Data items
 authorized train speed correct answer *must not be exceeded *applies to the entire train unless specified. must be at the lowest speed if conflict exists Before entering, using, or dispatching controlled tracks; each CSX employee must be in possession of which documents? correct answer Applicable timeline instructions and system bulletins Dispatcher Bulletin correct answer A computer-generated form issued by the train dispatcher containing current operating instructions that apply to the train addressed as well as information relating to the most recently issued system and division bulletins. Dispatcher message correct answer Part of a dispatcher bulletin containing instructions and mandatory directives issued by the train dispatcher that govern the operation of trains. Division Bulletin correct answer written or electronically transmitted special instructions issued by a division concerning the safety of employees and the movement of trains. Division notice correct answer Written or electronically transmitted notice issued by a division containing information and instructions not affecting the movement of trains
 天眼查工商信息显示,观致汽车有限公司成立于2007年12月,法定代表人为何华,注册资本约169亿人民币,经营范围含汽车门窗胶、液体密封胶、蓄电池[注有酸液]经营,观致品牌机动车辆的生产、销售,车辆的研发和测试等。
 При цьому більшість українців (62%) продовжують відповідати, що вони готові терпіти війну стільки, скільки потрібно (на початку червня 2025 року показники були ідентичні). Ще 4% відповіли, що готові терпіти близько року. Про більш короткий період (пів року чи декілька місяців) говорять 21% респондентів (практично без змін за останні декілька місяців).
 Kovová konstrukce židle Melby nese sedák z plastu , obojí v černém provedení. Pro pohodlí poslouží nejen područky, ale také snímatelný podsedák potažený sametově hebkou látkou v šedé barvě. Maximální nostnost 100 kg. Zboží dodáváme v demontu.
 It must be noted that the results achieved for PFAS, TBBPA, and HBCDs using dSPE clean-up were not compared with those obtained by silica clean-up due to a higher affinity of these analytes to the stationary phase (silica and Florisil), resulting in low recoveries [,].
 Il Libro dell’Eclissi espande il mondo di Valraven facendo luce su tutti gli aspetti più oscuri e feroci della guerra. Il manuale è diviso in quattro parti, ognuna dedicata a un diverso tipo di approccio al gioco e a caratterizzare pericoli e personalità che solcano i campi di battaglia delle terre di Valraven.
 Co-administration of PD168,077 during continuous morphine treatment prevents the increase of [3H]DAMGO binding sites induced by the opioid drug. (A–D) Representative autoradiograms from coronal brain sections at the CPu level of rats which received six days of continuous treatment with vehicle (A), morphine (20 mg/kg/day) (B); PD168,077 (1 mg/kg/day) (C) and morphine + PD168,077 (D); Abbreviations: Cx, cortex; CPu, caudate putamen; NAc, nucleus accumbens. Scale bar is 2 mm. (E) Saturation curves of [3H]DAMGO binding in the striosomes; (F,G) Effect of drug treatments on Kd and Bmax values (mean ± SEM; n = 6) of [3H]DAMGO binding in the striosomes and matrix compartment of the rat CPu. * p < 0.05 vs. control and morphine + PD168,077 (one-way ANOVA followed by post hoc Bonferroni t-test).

■ **EXERCISE AIM**
Reproduce exactly, and only, the lines from the start of the entries through the one that contains "При цьому більшість".

■ **WORKED SOLUTION**
 authorized train speed correct answer *must not be exceeded *applies to the entire train unless specified. must be at the lowest speed if conflict exists Before entering, using, or dispatching controlled tracks; each CSX employee must be in possession of which documents? correct answer Applicable timeline instructions and system bulletins Dispatcher Bulletin correct answer A computer-generated form issued by the train dispatcher containing current operating instructions that apply to the train addressed as well as information relating to the most recently issued system and division bulletins. Dispatcher message correct answer Part of a dispatcher bulletin containing instructions and mandatory directives issued by the train dispatcher that govern the operation of trains. Division Bulletin correct answer written or electronically transmitted special instructions issued by a division concerning the safety of employees and the movement of trains. Division notice correct answer Written or electronically transmitted notice issued by a division containing information and instructions not affecting the movement of trains
 天眼查工商信息显示,观致汽车有限公司成立于2007年12月,法定代表人为何华,注册资本约169亿人民币,经营范围含汽车门窗胶、液体密封胶、蓄电池[注有酸液]经营,观致品牌机动车辆的生产、销售,车辆的研发和测试等。
 При цьому більшість українців (62%) продовжують відповідати, що вони готові терпіти війну стільки, скільки потрібно (на початку червня 2025 року показники були ідентичні). Ще 4% відповіли, що готові терпіти близько року. Про більш короткий період (пів року чи декілька місяців) говорять 21% респондентів (практично без змін за останні декілька місяців).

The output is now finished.